Tuesday, November 23, 2010

Reflections on the concert at The Chapel Performance Space, Good Shepherd Center, Seattle, WA, 11/20/2010

Here I go again, reviewing my own concert...

This concert came up rather abruptly (as regular readers of this blog will already know); there was a cancellation of a concert at the Chapel, so I grabbed it and pulled in two other musicians – Beth Fleenor and Bruce Greeley, both clarinetists. We played what we could on short notice (for what audience showed up at the last minute), and at least the two clarinetists pulled it off admirably.

We did three pieces (two relatively short, and one longer) from my StormSound Cycle.
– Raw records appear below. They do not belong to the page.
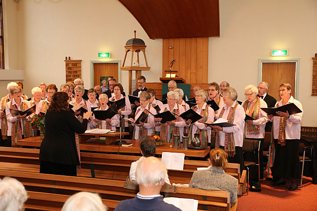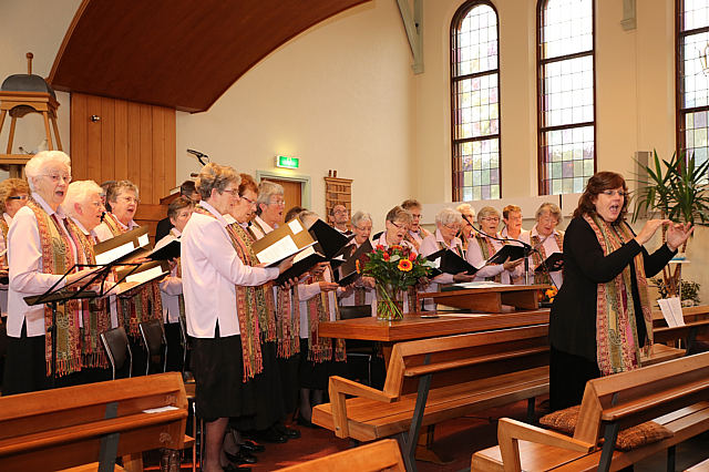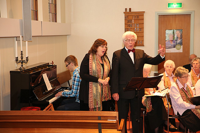 Een geanimeerde zangmiddag met het Chr. Gemengd Koor Nieuwerbrug o.l.v. Pia Schütz, met pianist Jan Willem Bouter en solist Gerrit Hayes.
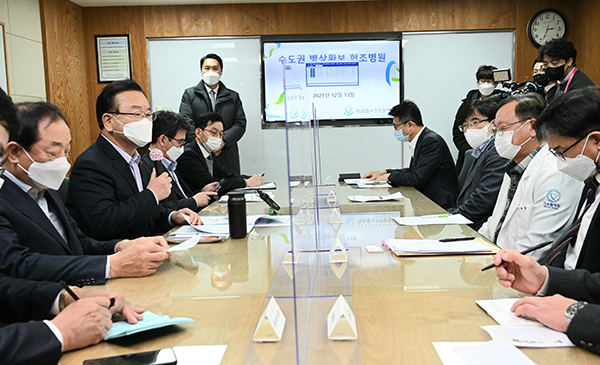 [일간환경연합 김경훈 기자]김부겸 국무총리가 13일 서울 구로구 미소들병원을 찾아 수도권 병상 확보 협조병원장들과 간담회를 열고 행정명령과 관계없이 자발적으로 병상을 제공해 준 병원들에 감사인사를 전했다.
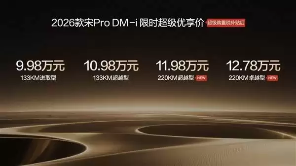 比亚迪近日为宋Pro DM-i车系新增了2026款220km长续航版本,进一步丰富了其插电混动SUV的产品矩阵。此次上市的新车提供两款配置,官方指导价区间为12.28万元至13.08万元。在享受3000元限时购置税补贴后,实际支付价格下探至11.98万至12.78万元。至此,宋Pro DM-i已形成133km与220km双纯电续航的布局,全系在售车型增加至四款,价格覆盖9.98万元至12.78万元区间。

First up, Beth played “Desert Bloom” (#3 in the Cycle). Essentially a drone piece more or less in the manner of Phill Niblock, it features microtonal variations on a single chord. Over the prerecorded sound of the kaen (Thai mouth organ), the clarinet is supposed to improvise more microtonal variations. I emailed the instructions and the prerecorded part to Beth, but there was some kind of a glitch in the email and she didn’t receive the instructions. For the warm-up, she played a beautiful modal cadenza over the prerecorded drones. I actually liked that better than how I’d originally conceived it; so (after we realized what had happened) we combined the styles: she began with microtonal drones, then gradually added pitches (with their microtones) and finally let the music blossom into melody. It was strikingly beautiful, and I think I will make sure that the piece is performed in this way every time (it will only take a minor adjustment of the written score). There is now a co-composer of one movement of the Cycle.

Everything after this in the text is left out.